Unlock Michigan reports it has over 500,000 signatures in support of revoking Gov. Whitmer's emergency powers

Gov. Gretchen Whitmer speaks in Lansing about COVID-19 in Michigan. A group says it has enough signatures on a ballot drive to revoke emergency powers by the governor.

Unlock Michigan, the group that has spent the past few months gathering signatures to support an effort to revoke Gov. Gretchen Whitmer's emergency powers, says it has collected more than the required signatures to get the issue in front of legislatures in Lansing.

Unlock Michigan announced on Wednesday that it has exceeded the goal of collecting 500,000 signatures to submit the issue to the Bureau of Elections.

We've succeeded in collecting more than a half-million signatures from Michigan voters in fewer than 80 days, an historic accomplishment at a pivotal point in Michigan's history," said Unlock Michigan co-Chair Ron Armstrong. "This initiative isn't about any one rule, or any one personality. This proposed law simply takes away the ability of a single politician to rule like a monarch for as long as they like. That's a power no politician of any party should ever have."

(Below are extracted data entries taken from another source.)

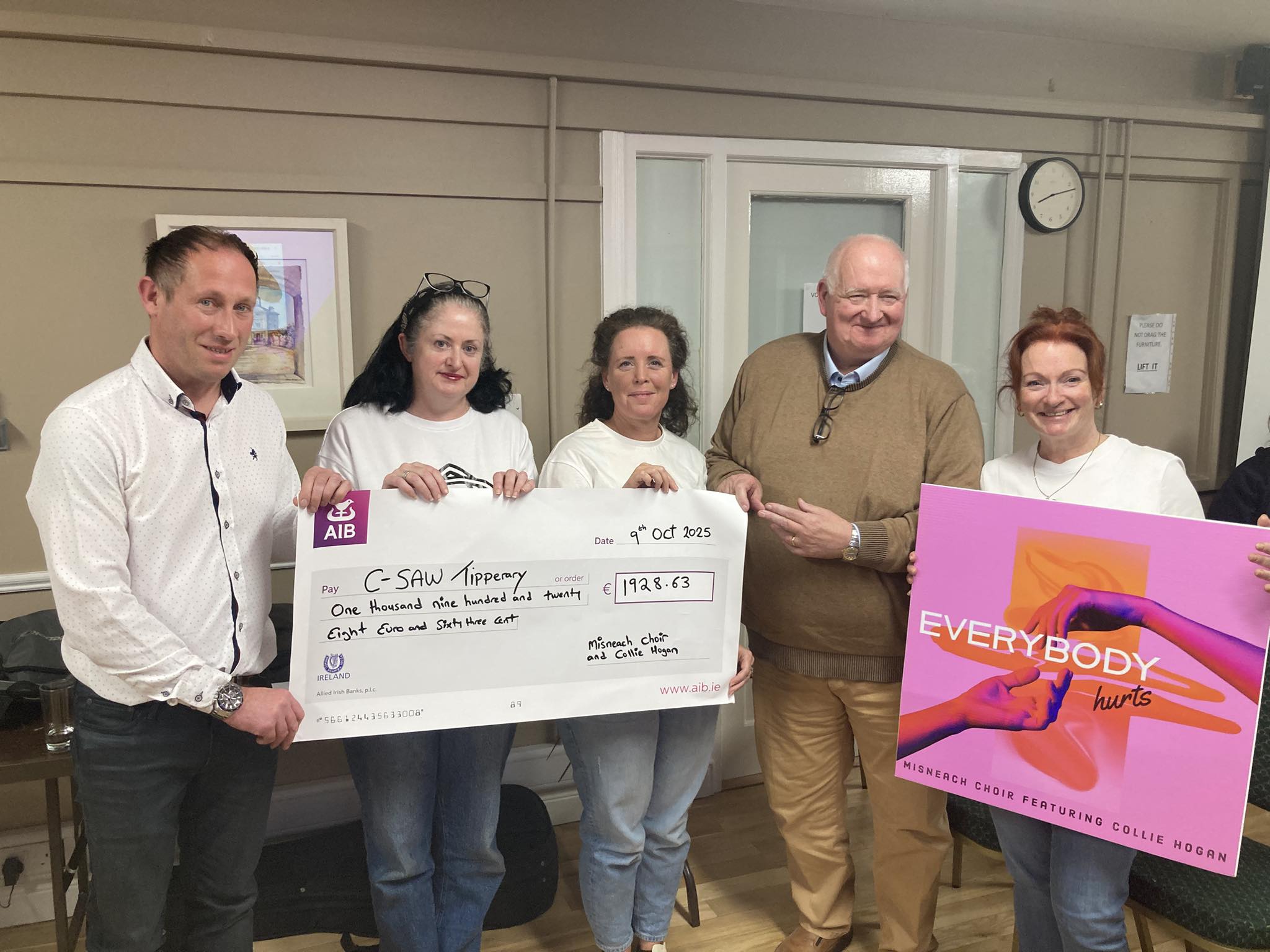 On Thursday night, 9 October last, Joe Leahy and Brendan Murphy accepted a cheque on behalf of C-SAW for €1,923.63 from Nenagh's Misneach Choir.
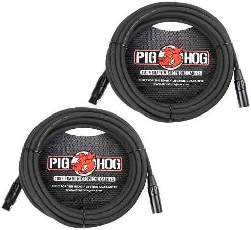 XLR Male to Female 25 Foot Tour Grade Microphone Cables, (2 Pack)Pig Hog cables are precisely overbuilt to stand up to the most grueling tour conditions imaginable, and are designed to provide the highest quality performance with outstanding value. We understand your cables need to sound great and perform reliably, night after night, without costing you an arm or a leg! That’s why we use an extra-thick, yet supple 8mm jacket that resists kinking or tangling. Our proprietary conductor technology and robust shielding is designed to ensure your sound is crystal clear, without noise or interference, every time. Each cable is hand tested before shipment, and we back up our quality with a lifetime warranty so you can be sure your Pig Hog Cables will be an integral part of your rig for years to come.* High performance microphone cable* 8mm high quality PVC outer covering* Heat shrink protected XLR connectors* Lifetime guarantee
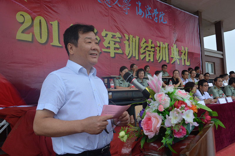 大会最后,王化深院长做了讲话,他指出军训十天,同学们取得了三个方面的成绩:一是磨练了意志、增强了信心。二是提高了素质、强健了体魄。三是培养了优良的作风。王院长希望同学们今天脱去军训的战袍,洗去军训的疲惫,能够拿起学习的书本,在未来的大学生活中保持和发扬锐意进取、顽强克难、艰苦奋斗的军训精神,以优异的成绩和自己的成才来报答父母、回报社会,用自己的“成才梦”和“学子梦”来铸就我们共同的“学院梦”、“中国梦”!
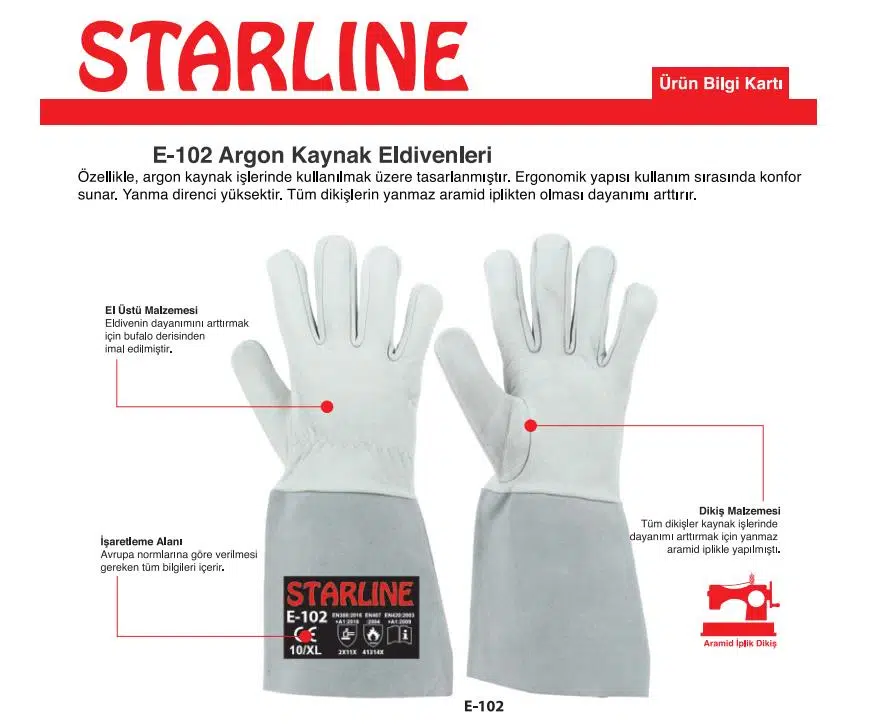 | Etiketler | Starline E-102 Isıya Karşı Dirençli Argon Kaynak Eldiveni 35 cm 2X11X 41314X |
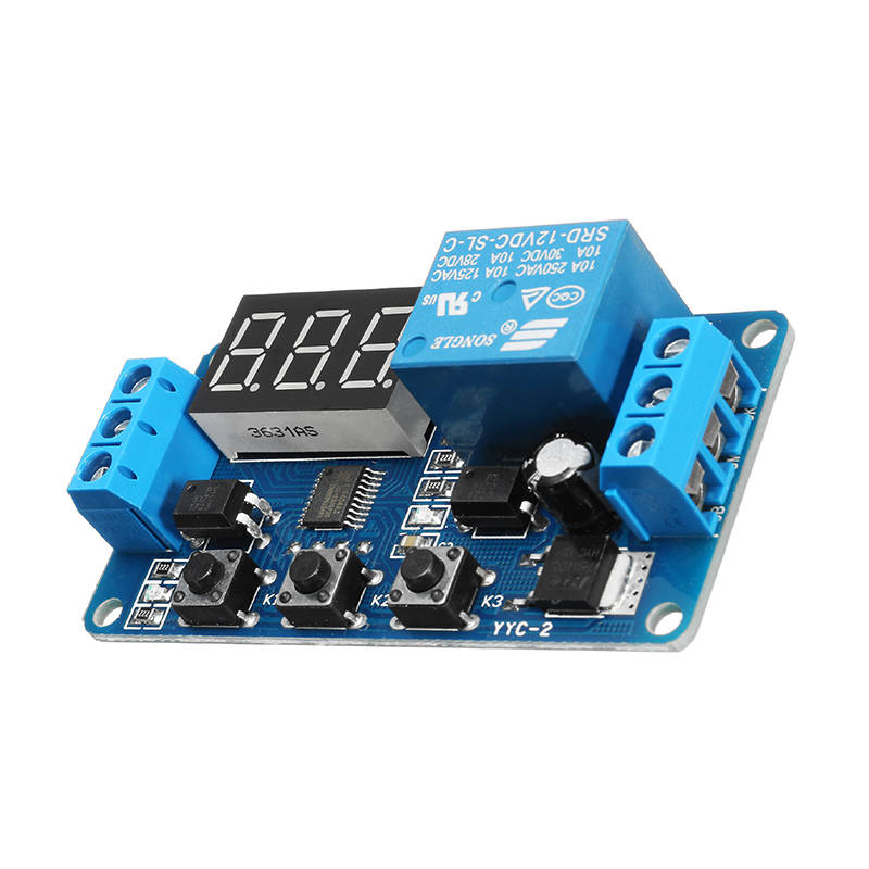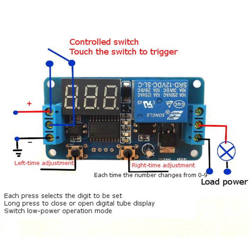 Turn on the power, LED lit, but the relay does not work, trigger the termination button or PNP sensor trigger, when there is a high level trigger (or the button is instantaneously connected to the positive power supply), the relay starts to work, the countdown delay, when the delay time arrive, the relay disconnects.

Unlock Michigan said it would submit the ballots to the Bureau of Elections 'soon' for review of the signatures and ensure it reaches the minimum requirement of 340,000 lawful signatures.

The Bureau of Elections will then review the signatures to ensure enough have been collected. 

If at least 340,000 signatures are deemed valid by the state elections board, the GOP-controlled Legislature would likely repeal the 1945 law rather than let it go to a 2022 public vote. 

Unlock Michigan has said that the Bureau of Elections should be able to review and confirm there are enough signatures within 75 days and get the issue in front of lawmakers by December.

Whitmer has used the 1945 law as the underpinning for far-reaching orders to close businesses and schools, require masks and social distancing, and limit gathering sizes to control the virus that has contributed to 6,900 deaths across the state. 

The public supports her handling of the pandemic, according to polling, and disapproves of how Trump has managed the crisis. The two have sparred several times. At a large campaign rally outside Saginaw on Thursday, Trump told Whitmer to "open up your state" said Michigan would be better off if it had a governor "who knew what the hell she was doing" -- hours after she called him the "biggest threat" to Americans for purposely downplaying COVID-19.

Republican lawmakers initially agreed to lengthen a state of emergency through April but balked at extending the declaration again without the governor agreeing that all future stay-at-home measures would be enacted with bipartisan legislation. The Legislature sued in May, when its GOP leaders also began supporting a veto-proof initiative in case they lose in court.

Whitmer won in the Court of Claims and the Court of Appeals. The case is pending in the state Supreme Court. 

She is urging people not to sign the petition. She said it would jeopardize Michigan's progress. The state's per-capita rate of new cases over the last two weeks ranks lower than 36 states. She has let schools and many businesses reopen since the curve was flattened, subject to safety rules.

"These are authorities that we have conferred upon our chief executive in extraordinary circumstances to keep people safe," she said. "Each governor since 1945 has had these same powers, and I'm going to fight to make sure that every governor after me has these powers if, God forbid, they find themselves in a situation where they have to be used."

Information from the Associated Press was used in this report.